TASK — The lines to be extracted begin at the line containing "日清(ヘルシーオフ350g・" and end at the last line of the data below; copy them exactly and leave out the pictures.

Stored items
BEGIN

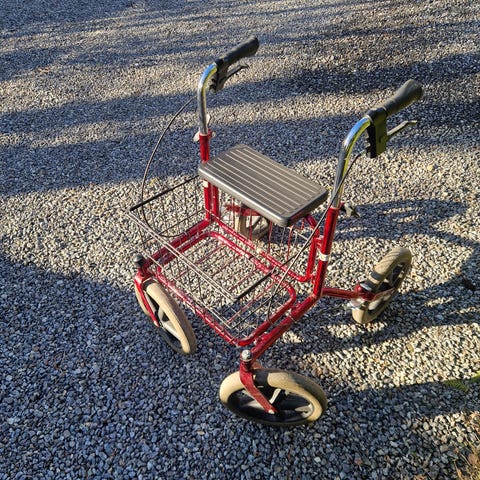 Hopfällbar knäskoter med korg i svart färg. Knäskotern har fyra hjul, justerbart styre och justerbart knästöd för användare i olika längder. Utrustad med dubbelt bromssystem på styret för kontrollerad inbromsning och parkering. Framtill finns en avtagbar korg för transport av mindre saker. Avsedd för personer som behöver avlasta ett ben (tex fotskador )eller en fot vid förflyttning inomhus och utomhus på jämna underlag.
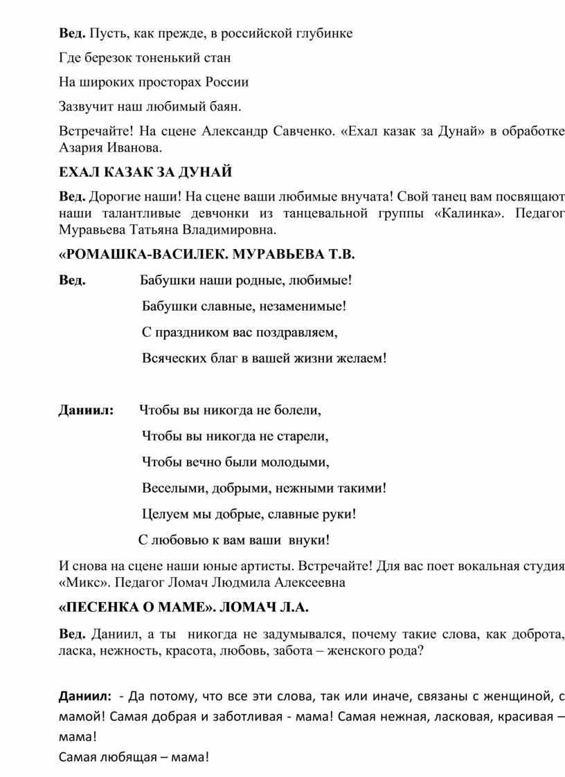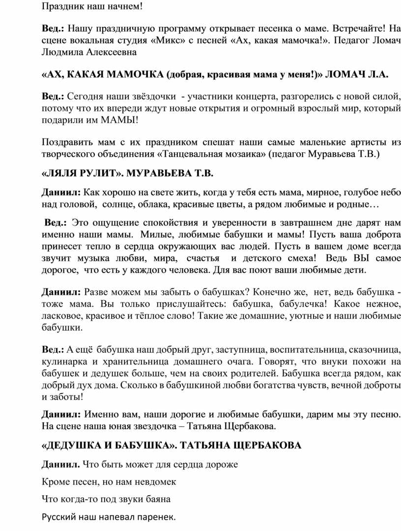 Вед.: Посвящаем мы нашу концертную программу «Лучшей маме на свете». И сегодня своим творчеством вас, дорогие мамочки, будут радовать ваши дочки и сыночки. Мы хотим, чтобы сейчас вы поддержали их дружными аплодисментами, ведь наши юные артисты очень волнуются за кулисами и ждут вашего признания! Аплодисменты
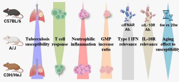 또한 마우스 모델별로 노화나 BCG 백신 접종이 GMP 확장 및 N/T 비율에 미치는 영향이 각기 다르게 나타남을 밝혀내어, 숙주의 유전적 배경에 따른 차별화된 보호 기전을 제시했다.
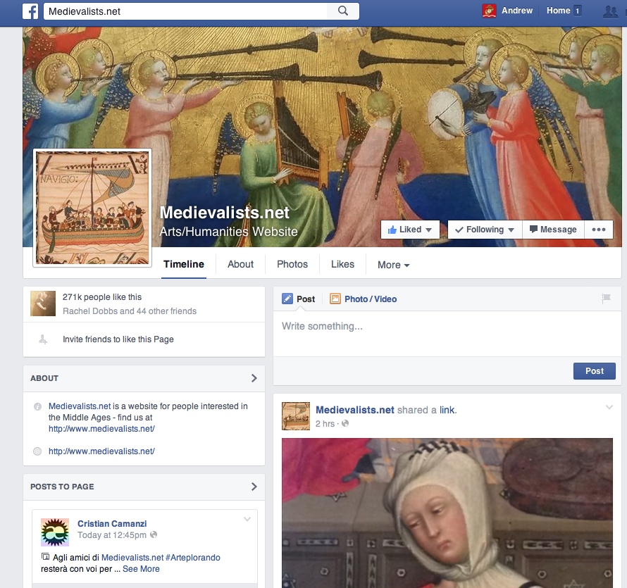 As it turns out, those initial impressions were true. Peter’s extraordinary (but largely unnoticed) influence over how scholarly studies of the Middle Ages are communicated in the online world is much more extensive than I had ever really considered up to this point. He has over 270,000 people who have “liked” the Medievalists.net Facebook page, which means that his postings on Facebook are much more likely to show up in the “feeds” of more than a quarter of a million Facebook users. Additionally, Medievalists.net has over 37,000 followers on Twitter, 4,500 followers on Tumblr, 2400 on Pinterest and 1200 on Google Plus. He also has an email list with about 8000 people who have signed up to receive updates and announcements.
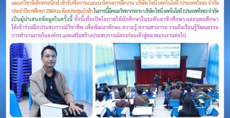 บริษัท โซนี่ เทคโนโลยี (ประเทศไทย) จำกัด เข้าแนะแนวโครงการฝึกงาน บริษัท โซนี่ เทคโนโลยี (ประเทศไทย) จำกัด ประจำปีการศึกษา 2569 ณ วิทยาลัยเทคนิคอุบลราชธานี
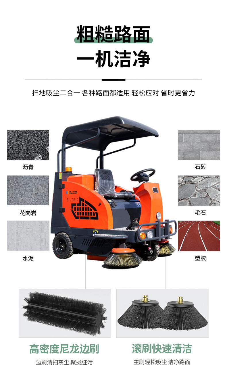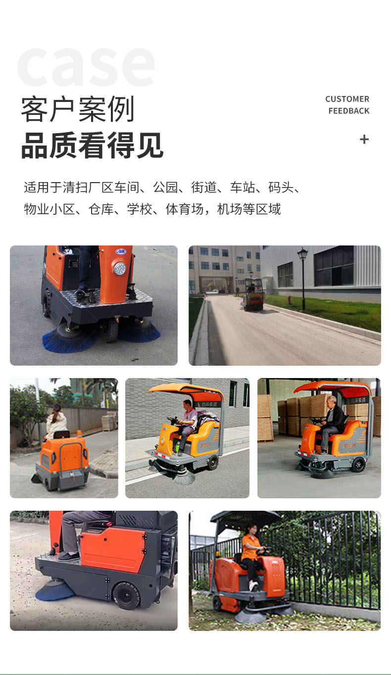 適用場(chǎng)所: 適用于清掃廠區(qū)車間、公園、街道、車站、碼頭、物業(yè)小區(qū)、倉庫、學(xué)校、體育場(chǎng),機(jī)場(chǎng)等區(qū)域。清掃效率是傳統(tǒng)的人工清掃效率的10-12倍,一臺(tái)掃地機(jī)可代替10-12位清潔工人。
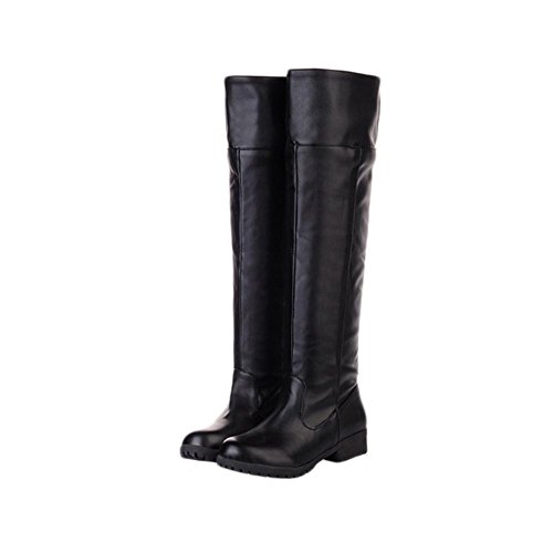 [ファッション メーカ] ブーツ レディース ロングブーツ ロング丈 ブーツ ローヒール 美脚 ブーツ 合皮 通学 美脚 pu 太ヒール ハイヒール カジュアルシューズ ブラウン (27cm(44), ブラック)
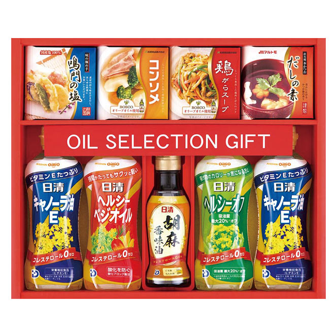 日清(ヘルシーオフ350g・ヘルシーべジオイル350g・キャノーラ油E350g×2・胡麻香味油145g)、鳴門の塩80g、マルトモだしの素(4g×6袋)、鶏がらスープ(20g×2袋)、コンソメ(20g×2袋)
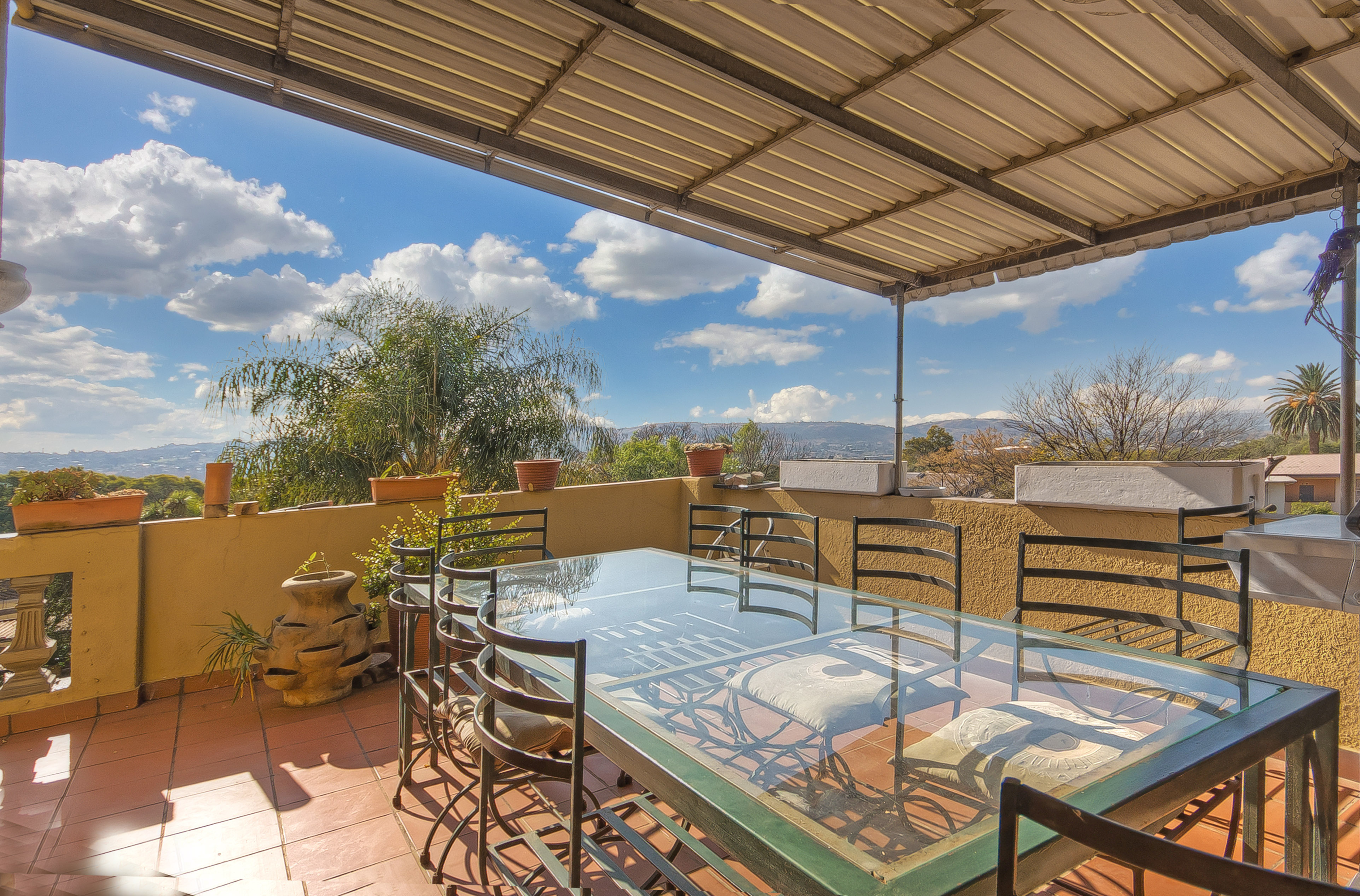 Home boasts 4 spacious bedrooms 2 bath ensuite, study, lounge, TV room two covered patios, well equipped kitchen leading onto a patio and balcony with the view of the beautiful mountains, garden and a pool.
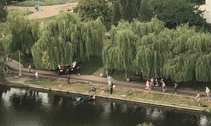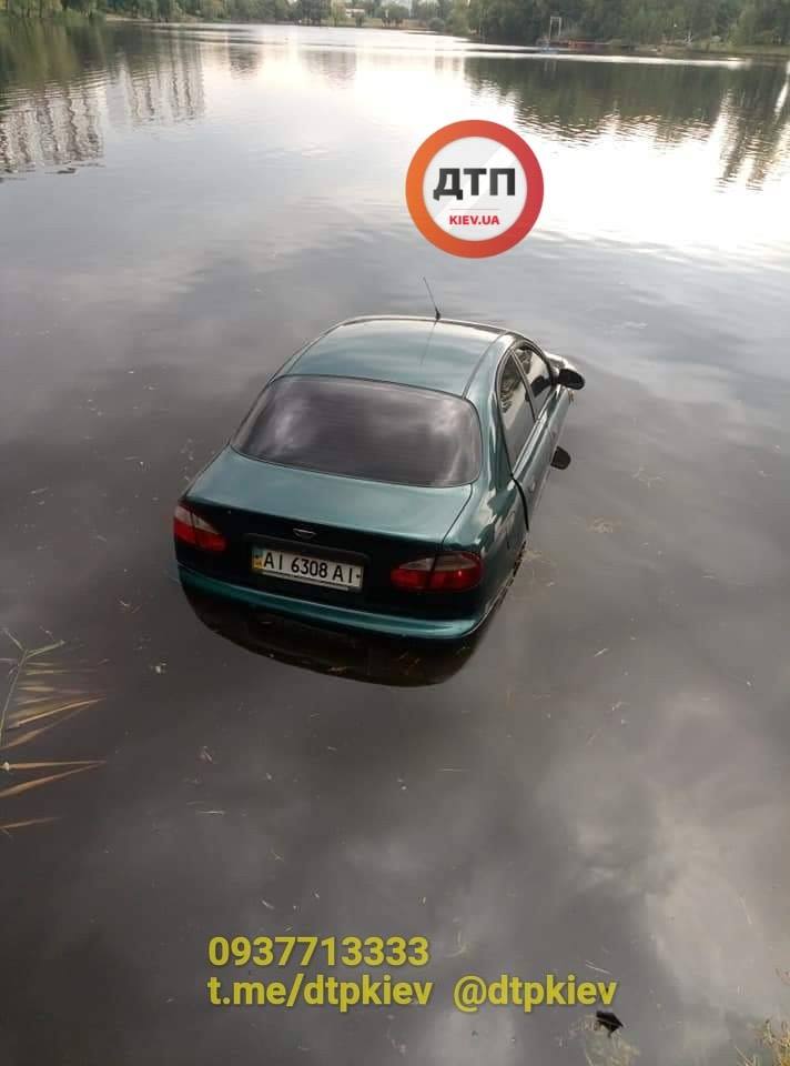 Речь идет об утопленном Дэу Ланос в озере Тельбин, что в Днепровском районе. Интересно в этой ситуации то, что вокруг водоема находится сплошная пешеходная зона, и как там оказался горе-Ланос, остается только догадываться.

END

SOLUTION TO THE EXERCISE —
 日清(ヘルシーオフ350g・ヘルシーべジオイル350g・キャノーラ油E350g×2・胡麻香味油145g)、鳴門の塩80g、マルトモだしの素(4g×6袋)、鶏がらスープ(20g×2袋)、コンソメ(20g×2袋)
 Home boasts 4 spacious bedrooms 2 bath ensuite, study, lounge, TV room two covered patios, well equipped kitchen leading onto a patio and balcony with the view of the beautiful mountains, garden and a pool.
 Речь идет об утопленном Дэу Ланос в озере Тельбин, что в Днепровском районе. Интересно в этой ситуации то, что вокруг водоема находится сплошная пешеходная зона, и как там оказался горе-Ланос, остается только догадываться.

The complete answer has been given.